Thursday April 19 2018

Now is the time to consider a regulatory body on AI predictive analytics

With Immigration New Zealand recently joining ACC and The Ministry for Social Development on the list of Government departments courting controversy over the use of predictive analytics systems, leading University of Otago researchers say now is the time to consider a regulatory body to oversee the rising use of artificial intelligence (AI) systems in New Zealand Government departments.

Members of the University of Otago’s NZ Law Foundation funded Artificial Intelligence and Law in New Zealand Project (AILNZP) have produced an article, Proposed Oversight of Predictive Analytics,published today on the online current affairs and culture blog hub Pundit highlighting concerns being prompted by the rise of computer-based predictive analytic systems.

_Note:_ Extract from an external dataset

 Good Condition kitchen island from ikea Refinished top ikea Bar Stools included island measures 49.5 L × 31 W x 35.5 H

While the AILNZP members are unanimous in acknowledging there is a place for predictive analytic systems in New Zealand, they say there should be greater public oversight of the systems used in government, and greater transparency of how they work.

“At present, public information about predictive analytics in government comes mainly from media ‘exposés’” says Associate Professor Colin Gavaghan of Otago’s Faculty of Law, and Director of the NZ Law Foundation sponsored Centre for Law and Policy in Emerging Technologies.

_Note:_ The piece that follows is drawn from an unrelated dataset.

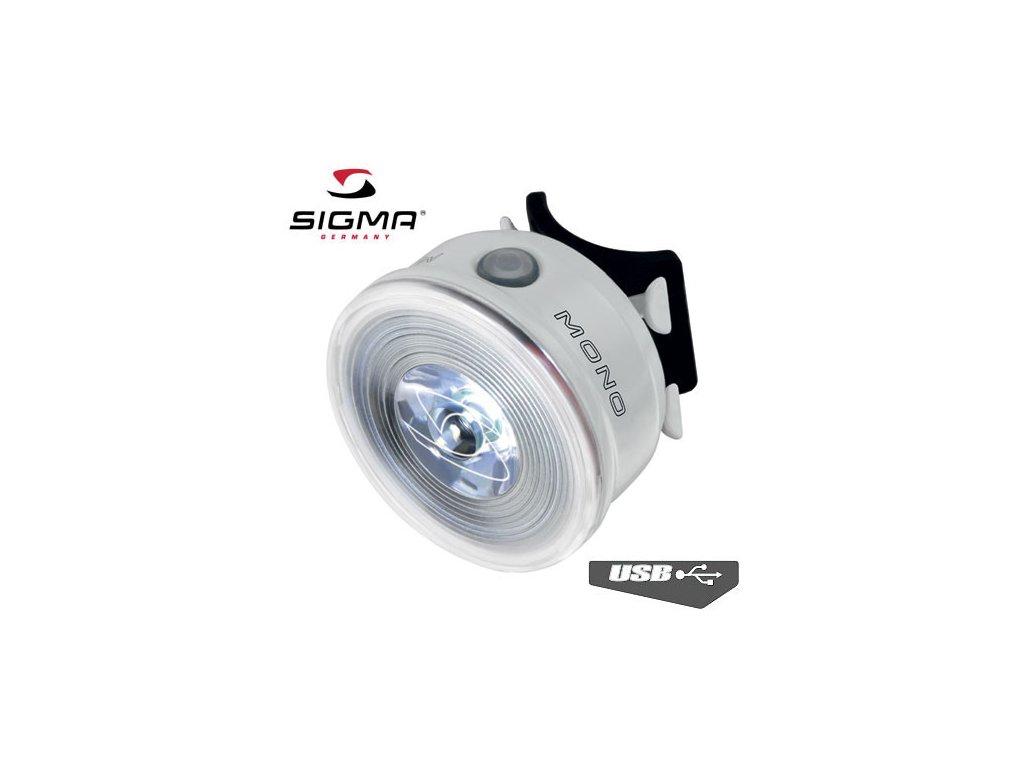 Přední světlo Sigma MONO FL s nabíjením přes USB zaujme mimořádně jasnou bílou 0,5 W Power LED. MONO RL zajišťuje vynikající viditelnost cyklisty díky systému SIGMA LOOP-LIGHT-SYSTEM. Atraktivní kruhový design jistě upoutá pozornost.

“In the latest case with Immigration New Zealand, even the Immigration Minister himself was in the dark about the system. These systems can be of great use, but there must be more transparency about how predictive systems are being used in government.”

Rather than heaping condemnation on the increasing number and use of AI systems, the AILNZP say the key is to provide greater understanding of how they work.

“Even for those systems we do know about, we only have partial information about how they work, what data they use, and how accurate they are. We’re told, for instance, that the Immigration NZ tool is ‘just an Excel spreadsheet’. But many algorithms can be run in Excel: what algorithm is being run in this case? On what data? With what results? And what margin of error?” adds AILNZP member Associate Professor Alistair Knott, of Otago’s Department of Computer Science.

AILNZP member Professor James Maclaurin, of Otago’s Department of Philosophy, believes there are several factors an overseeing body needs to consider around the performance of predictive analytic systems in Government departments.

“How precise are particular systems? Are they prone to bias? Can the system explain how it came to decisions, and how well trained are the humans using them?”

AILNZP member Dr John Zerilli (Philosophy and Law) notes that these questions are particularly pressing now, in light of the recent scandal surrounding Facebook’s use, and misuse, of personal data.

“There are growing calls—which we fully support—to regulate the use of personal data gathered by social media sites. But the process of regulating giants like Facebook will be a complex matter involving lengthy international negotiations. In the meantime, there is no reason why New Zealand should not put its own house in order over the use of these same tools in its own Government.”

The AILNZP are proposing an agency should be established in New Zealand to oversee the use of predictive analytics by publicly funded bodies. The AILNZP suggest such an agency would publish a complete list of the predictive tools used by Government departments, and other public institutions such as ACC. For each system, it would also supply some basic information about its design; which variables constitute its input and output, and which techniques are used to learn mapping from inputs to outputs. In addition, it would answer some of the key questions about the performance of the system, and about its use.